Киселев: Да, мы с Русланом познакомились на Майдане, он снимал на любительскую «мыльницу». Потом он мечтал о камере, которая будет снимать с режимом night shot. Теперь у него есть такая. И он воюет с позывным «Режиссер».

Елена Хорева: А ролик про журналистов… Это журналист Первого канала прислала анонимный материал и просила не упоминать ее имени. С Первого канала тоже присылают.

Ратгауз: Ясно.

Тимур Олевский: Я могу сказать про главный фильм, про ДНР. Это начало создания Донецкой народной республики. Сейчас уже смешно отрицать, что она есть, даже украинская власть ее признает не как субъект, но как объект для общения, включая обмен пленными. И, думаю, все так и было. И причины того, что происходило в самом начале в Донецке, обозначены в фильме верно. Это криминальный район с невысокой стоимостью жизни тех самых шахтеров, которые погибали в нелегальных шахтах каждый день. И для них разница небольшая – погибать в шахте или стоять на блокпосту.  Вряд ли они реализовали свои мечты, и они точно в этом не виноваты. Им пообещали, что то, о чем они думают, может получиться. Мне кажется, большая часть героев этого фильма сейчас либо погибли, либо, как Николай Солнцев — он там мелькнул в кадре, коммунист, который читал книги Маркса пять лет назад и решил, что он построит Город Солнца в честь своей фамилии в Донецке, — занимаются каким-то… пчеловодством. Думаю, лица из фильма в их большинстве — это лица, ушедшие на этой войне навсегда. Жалко очень всех.

А по поводу фильмов «Реальности»… Мне кажется, нельзя не учитывать, что эти ролики сняты человеком, который воюет, а такой человек несколько приукрашивает действительность своего подразделения. И в этом смысле видео «Реальности», которое мы сейчас видели, при всей его важности я бы не стал воспринимать как пример документализма. Раз уж мы посмотрели сегодня ролики бойца батальона «Айдар», то, может быть, жаль, что мы не посмотрели ролики, снятые откровенными сепаратистами. Людьми, которые тоже, кстати, называют себя журналистами и при этом сражаются с оружием в руках. Человек, который из Омска приехал и меня лично допрашивал на блокпосту в Горловке, а потом оказалось, что он журналист и фильм снимал, у меня не вызывает никакого почтения.

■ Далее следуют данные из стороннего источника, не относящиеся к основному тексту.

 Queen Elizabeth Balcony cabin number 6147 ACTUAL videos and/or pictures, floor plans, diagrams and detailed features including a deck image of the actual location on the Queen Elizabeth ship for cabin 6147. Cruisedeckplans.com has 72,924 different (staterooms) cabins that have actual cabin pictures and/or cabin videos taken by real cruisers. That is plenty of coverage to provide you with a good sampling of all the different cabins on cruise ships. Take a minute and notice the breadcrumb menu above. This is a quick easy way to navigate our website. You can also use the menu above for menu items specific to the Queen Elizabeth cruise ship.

Но про Аню Домбровскую я хочу два слова сказать отдельно. Я с ней встречался в Одессе, она снимала события 2 мая. А потом я видел ее ролик из АТО. Это девочка очень хрупкая, которая постоянно собирает деньги на продолжение своих съемок, и как она это делает — я представить себе не могу! Она совершенно безбашенный журналист, и ее позиция вызывает большое уважение.

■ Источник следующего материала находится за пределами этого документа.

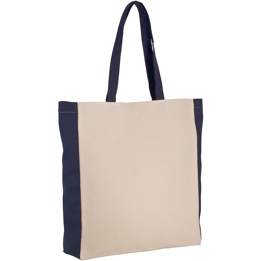 Bomullspose med kontrastfargede kortsider og håndtak. Posen er laget av et kraftig 310 grams stoff av 100% bomull. En unik bomullspose i høy kvalitet.

Я представлял себе своих знакомых откуда-нибудь из Тульской области: можно ли было с ними провернуть такую операцию? Да легко! Конечно, этот бунт, переросший в войну...

Киселев: Вы говорите, что человек с оружием снимает предвзято, но наш герой настолько по-детски относится к возможности, которая ему предоставлена, что он не выключает камеру и тогда, когда здравый человек ее бы выключил, чтобы скрыть какие-то негативные вещи.

Хорева: И с украинской стороны парни не менее лихие, чем те, которых мы увидели в фильме про ДНР.  В принципе, цели могут быть схожи, люди говорят и с той, и с другой стороны: «мы воюем за свою землю». Но люди, руководящие этой войной, распорядятся этим как им нужно.

Олевский: По поводу общения с украинской армией… Я не встречал там людей — может быть, повезло, — кому бы нравилось убивать и кто поехал бы на войну за этим. Может, это придет потом, но есть ощущение, что они непохожи на людей, которые воюют ради войны, и они сильно отличаются от тех, кто был с той стороны вначале, летом.

Я вчера посмотрел много роликов, снятых в Дебальцево. Сейчас в зале наш коллега Степан Кравченко, который вернулся только что оттуда, и его место вообще-то тоже здесь, на сцене. Он видел войну буквально свежую и знает, как это бывает, когда люди в бою, в ажиотаже, испытывая страх и ненависть к противнику, например, глумятся над телами умерших. И это тоже есть на видео, и это тоже документ. Может быть, вот это надо было сейчас смотреть, чтобы понять происходящее. Как с этим быть дальше — не очень понятно.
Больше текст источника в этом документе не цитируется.